Publication of the new European Regulation on Clinical Trials
Following months of negotiation and revisions of the European Commission’s Proposal for a Regulation on clinical trials, and the repeal of Directive 2001/20/EC, the much anticipated new European Regulation on Clinical Trials was finally published in the Official Journal of the European Union on 27th May. The European Council and Parliament reached an agreement in December 2013 before the Regulation was formally adopted last April. Under the new Regulation, multinational clinical trials will be easier to conduct. The new rules will facilitate cross-border collaboration for larger clinical trials, essential for research on rare diseases.
For years, patients, researchers and the industry have expressed dissatisfaction with the restrictive rules of former Clinical Trials Directive 2001/20/EC. Administrative burden, regulatory requirements and increasing fees have resulted in a marked 25% decline in clinical trial numbers conducted in Europe over the past several years. Under the new Regulation, applicants throughout the EU are required to submit a set of uniform documents for clinical trial authorisation. Applications will be processed via a single clinical trial approval system to ensure a single outcome per country, thus avoiding multiple applications for trials in different member states, and reducing fees and time for application approval. The European Commission estimates that the new rules could save researchers up to €800 million a year.
The new regulatory requirements will be adapted according to the level of risk patients are exposed to during a trial. The Regulation thereby introduces the concept of ’low-intervention clinical trial’, for instance for studies comparing already authorised medicines. Another major objective of the Regulation is to increase transparency. All results, positive and negative, will have to be published in a publicly-accessible database, reflecting demands from initiatives such as AllTrials. OrphaNews kept a close watch on EMA's Work Programme 2014 for data sharing and transparency via a publicly-accessible database throughout April this year. Finally, while individual countries will continue to constitute their own Ethics Committees for the assessment of clinical trials, the Commission reserves the right to monitor EU and non-EU countries in order to ensure rules are uniformly enforced and compliant with EU requirements in the case of trials conducted outside Europe.

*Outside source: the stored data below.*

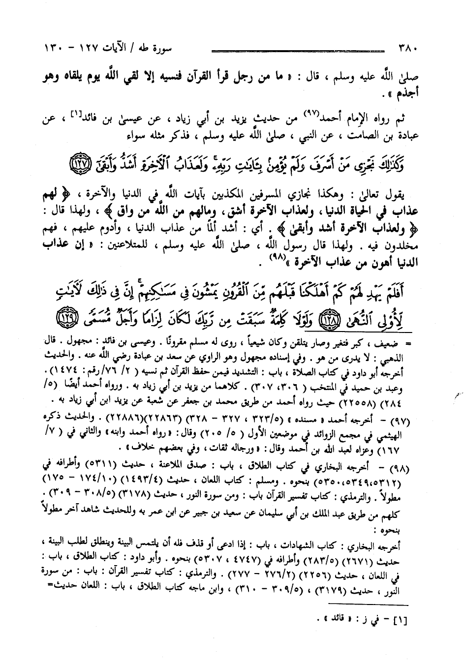 صَلَّى اللَّه عَلَيْهِ وَسَلَّمَ قَالَ : " مَا مِنْ رَجُل قَرَأَ الْقُرْآن فَنَسِيَهُ إِلَّا لَقِيَ اللَّه يَوْم يَلْقَاهُ وَهُوَ أَجْذَم " ثُمَّ رَوَاهُ الْإِمَام أَحْمَد مِنْ حَدِيث يَزِيد بْن أَبِي زِيَاد عَنْ عِيسَى بْن فَائِد عَنْ عُبَادَة بْن الصَّامِت عَنْ النَّبِيّ صَلَّى اللَّه عَلَيْهِ وَسَلَّمَ فَذَكَرَ مِثْله سَوَاء .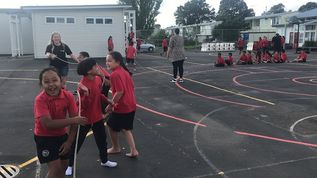 A few minutes later we got to the court. Mr Moran explained the rules to us and this is what he said "One team is going to do skipping with Miss Shanaia, Miss Duder, Miss King and Miss Scanlan. While the other 3 teams do relays with me. The team that is going to skipping is going to be Hinemoana. Now these are the rules. The first person in the line gets up and picks the skipping rope up, hops 2 times on the sipping rope, skip to the very end of the cones, skip 5 time and run back with the skipping rope." "Are you ready?!" Mr Moran shouted. "Yes!" The other teams exclaimed. ( I heard Mr Moran say it.)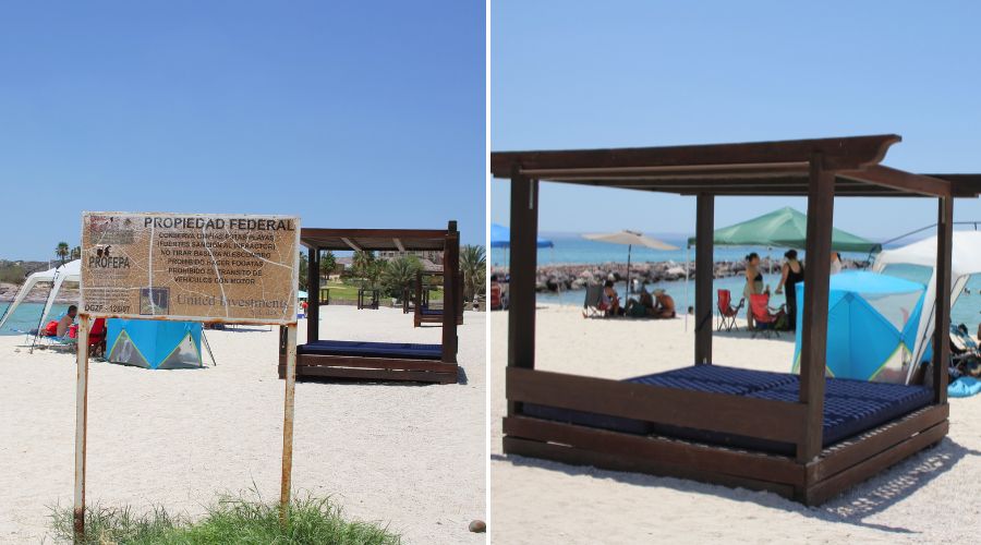 Las instalaciones de El Caimancito, Beach Club y de Playa de La Paz son para fines lucrativos, por lo tanto deberían de contar con una concesión de uso general otorgada por Zofemat otorgada por la Semarnat y hacer el pago correspondiente por el uso de la zona. Además, debería despegar únicamente mobiliario removible, pero no es así.

The new Regulation will come into effect in mid-2016 at the earliest. For the rare disease community, the Regulation’s support for rapid and in-depth application assessment for clinical trials on orphan drugs is encouraging. Expected benefits of the new regulation will therefore have to be patiently awaited. But many hope that the new Regulation will translate into increased numbers of clinical trials across Europe, for both common and rare diseases.

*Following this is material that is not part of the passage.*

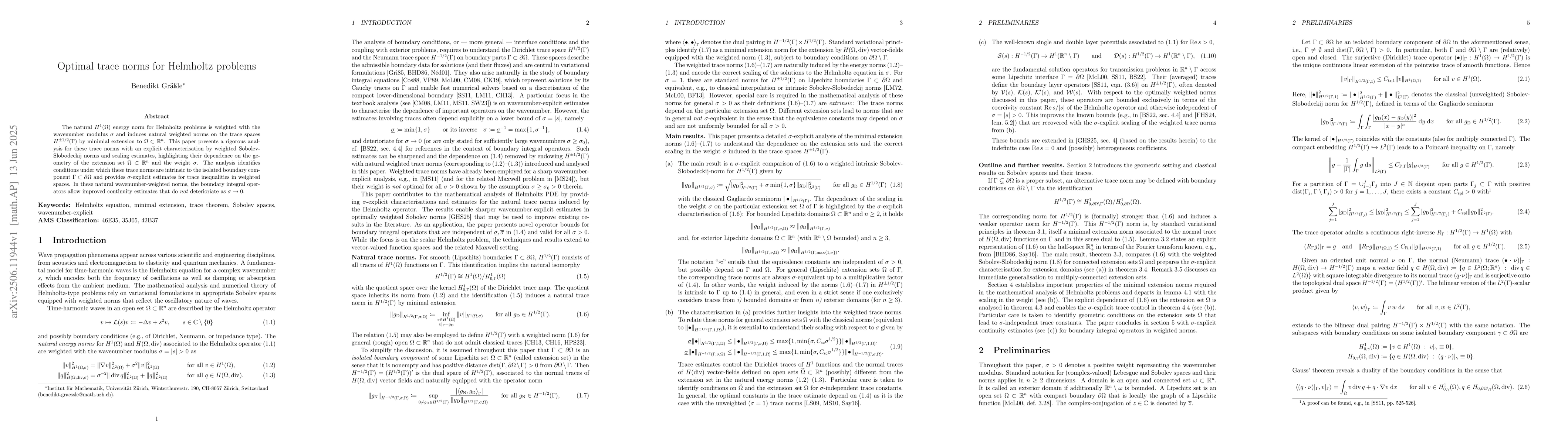 This paper rigorously analyzes weighted trace norms for Helmholtz problems, characterizing them via weighted Sobolev-Slobodeckij norms. It identifies conditions under which these norms are intrinsic to boundary components and provides estimates for trace inequalities in weighted spaces. The analysis shows improved continuity estimates for boundary integral operators that don't worsen as the wavenumber approaches zero.

Consult the EMA press release
In a recent turn of events, the EMA announced last Thursday that it would modify data sharing rules. The announcement came following pressure from European ombudsman Emily O’Reilly, AllTrials Campaign in an open letter to EMA director Guido Rasi, the European Consumers Organisation (BEUC), the European Association of Hospital Pharmacists and GIMBE. The EMA will allow researchers to download, save and print clinical trial data for non-commercial use, a development on the previous proposed draft which limited researchers to on-screen data consultation only. While researchers welcome this draft amendment, they and Ms. O'Reilly remain concerned about the terms of use and redaction policies which would give clinical trial sponsors control over the data they publish. The new rules are expected to be effective from 1st October 2014.